DESCRIPTION OF THE TASK: Pictures should be left out when the listing below is repeated word for word.

DATASET EXTRACT:
──────────
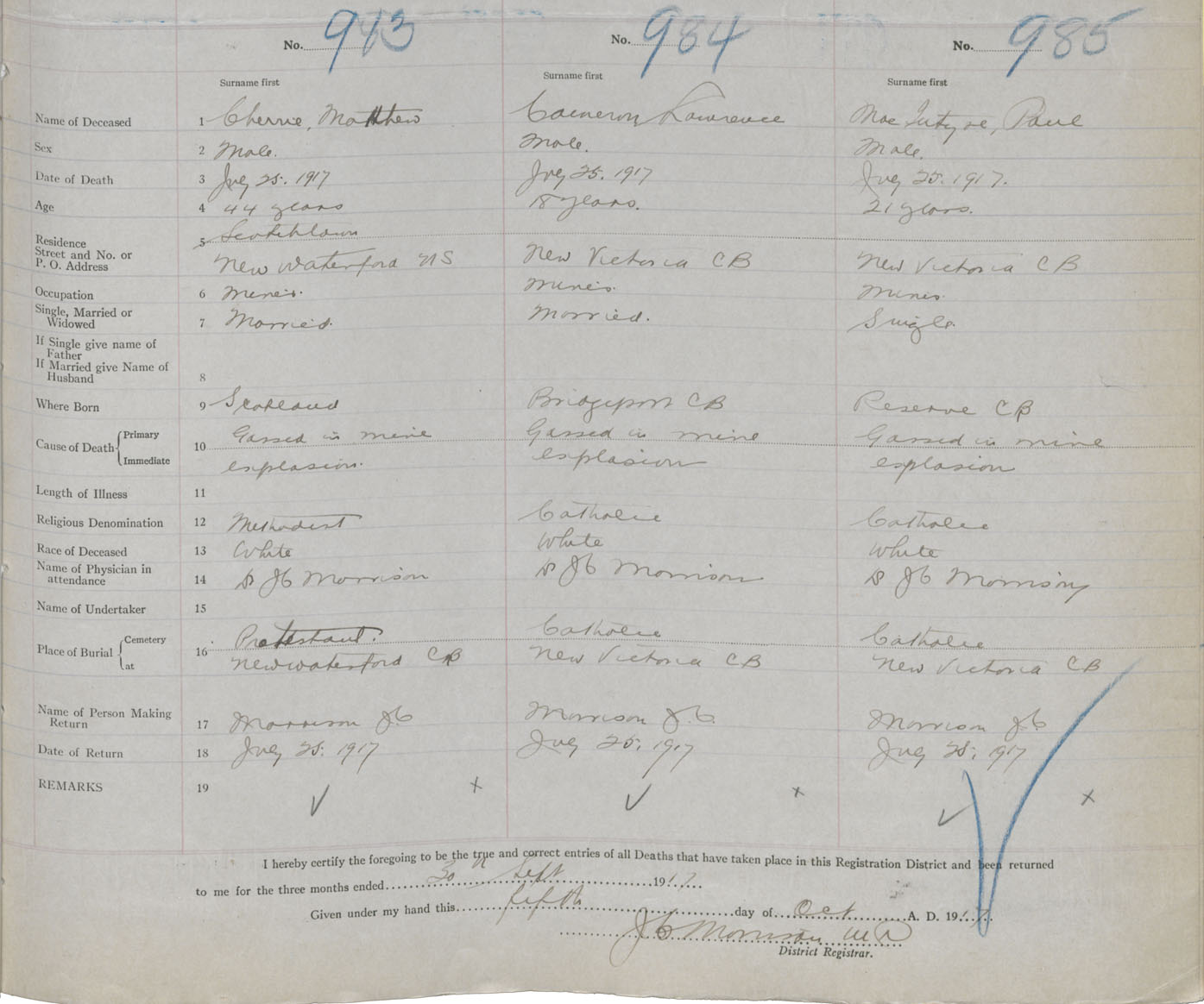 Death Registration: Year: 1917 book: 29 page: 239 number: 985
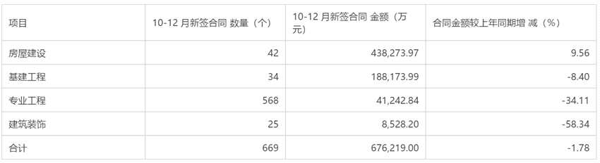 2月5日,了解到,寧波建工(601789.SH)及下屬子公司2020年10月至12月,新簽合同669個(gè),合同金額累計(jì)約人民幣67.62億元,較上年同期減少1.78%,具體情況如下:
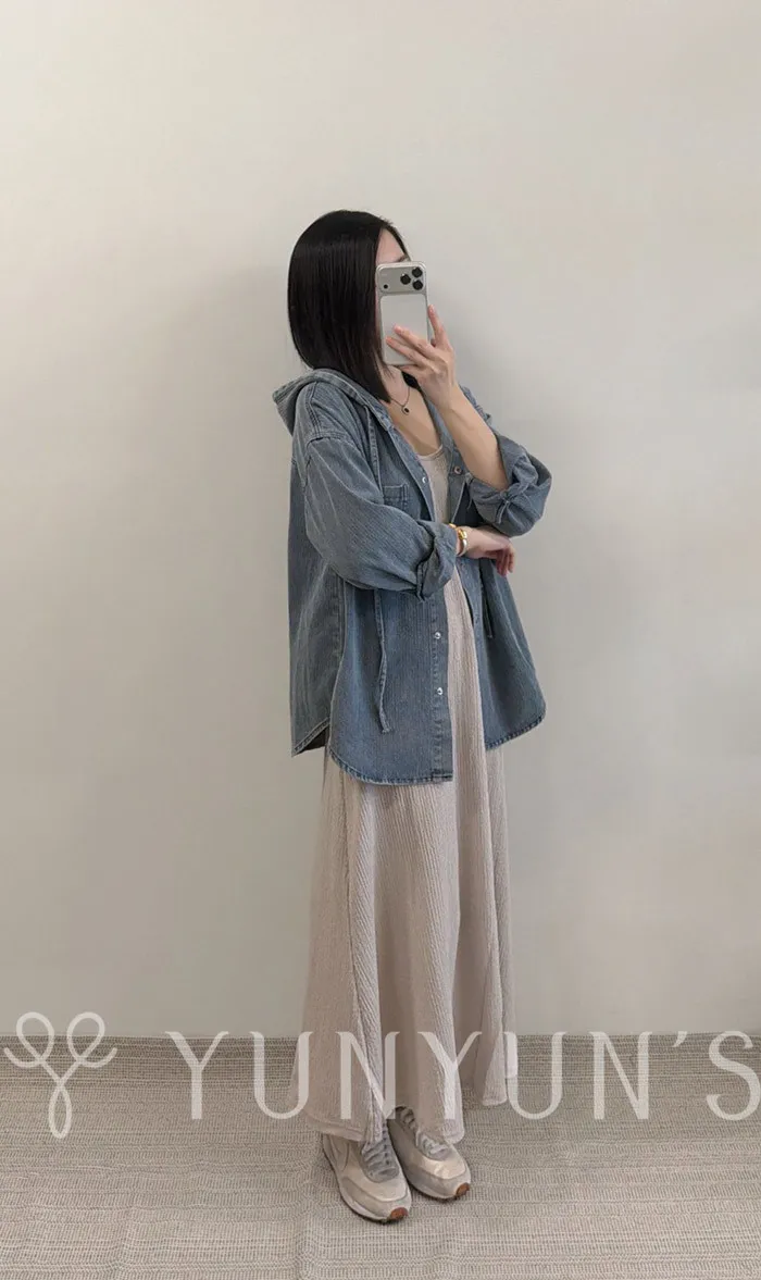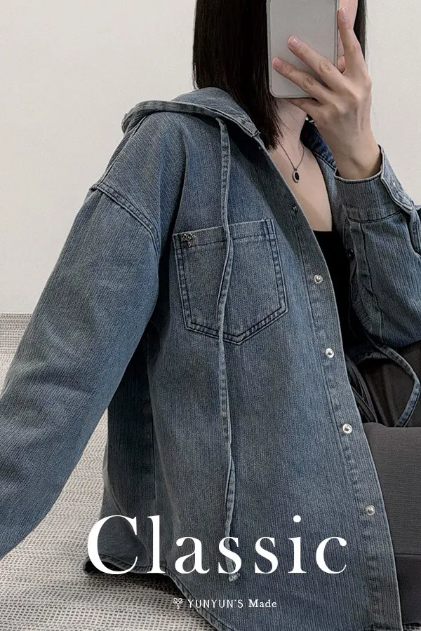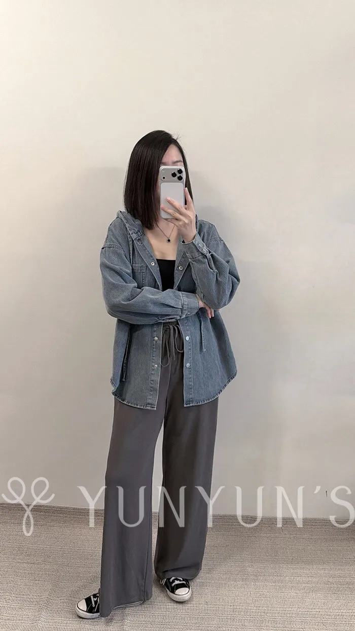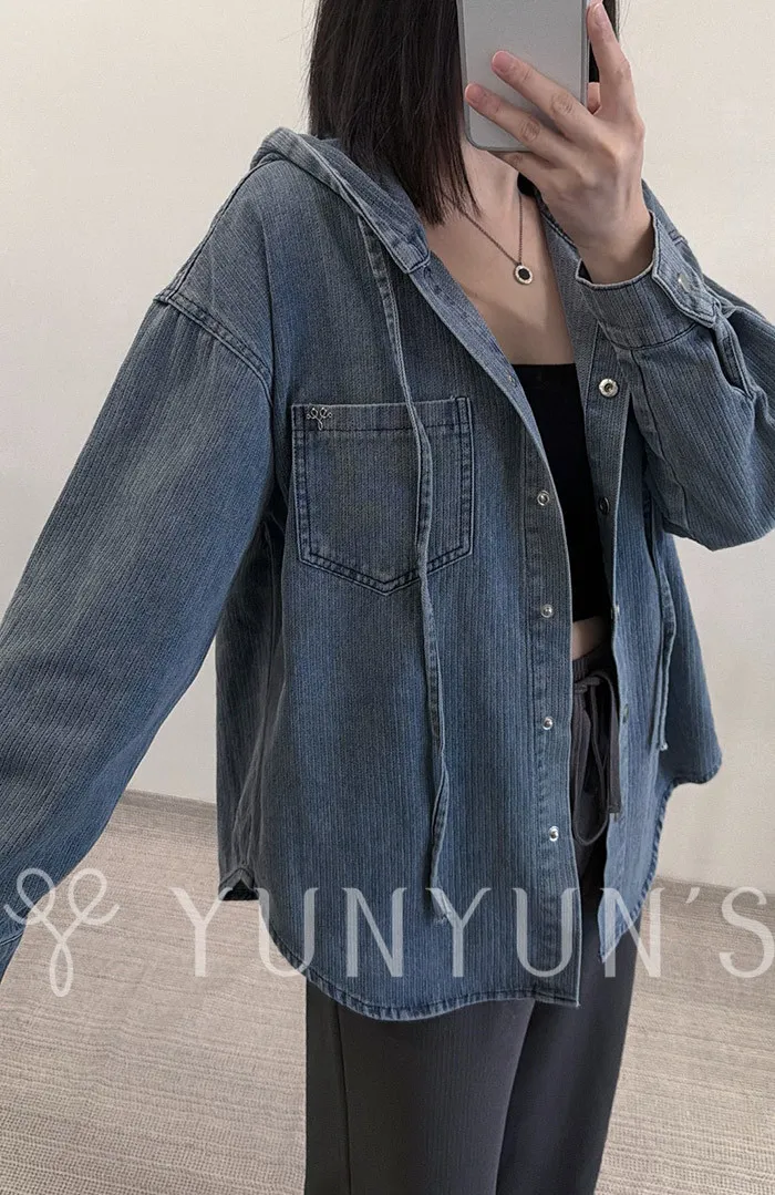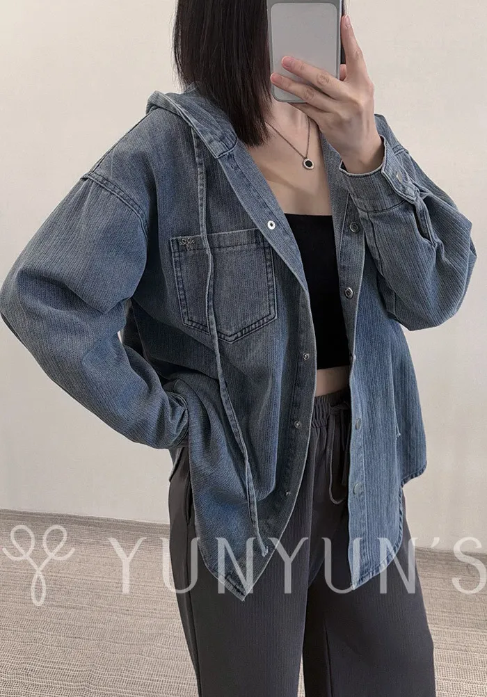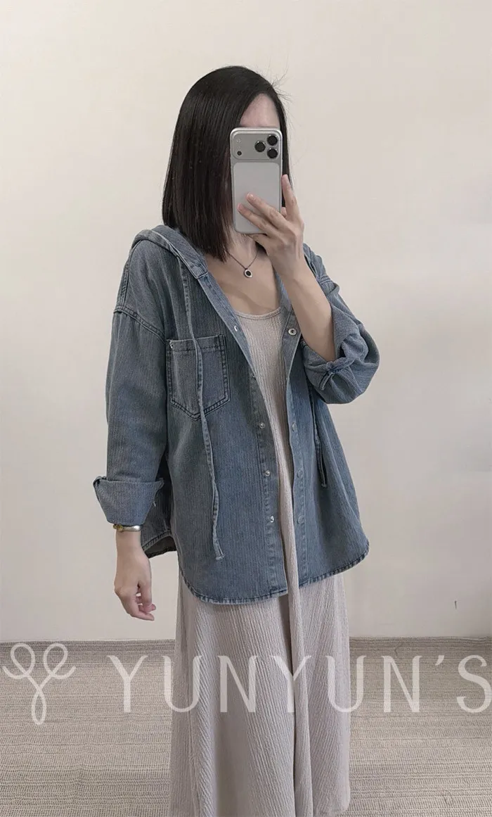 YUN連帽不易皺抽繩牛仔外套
──────────
WRITTEN SOLUTION:
 Death Registration: Year: 1917 book: 29 page: 239 number: 985
 2月5日,了解到,寧波建工(601789.SH)及下屬子公司2020年10月至12月,新簽合同669個(gè),合同金額累計(jì)約人民幣67.62億元,較上年同期減少1.78%,具體情況如下:
 YUN連帽不易皺抽繩牛仔外套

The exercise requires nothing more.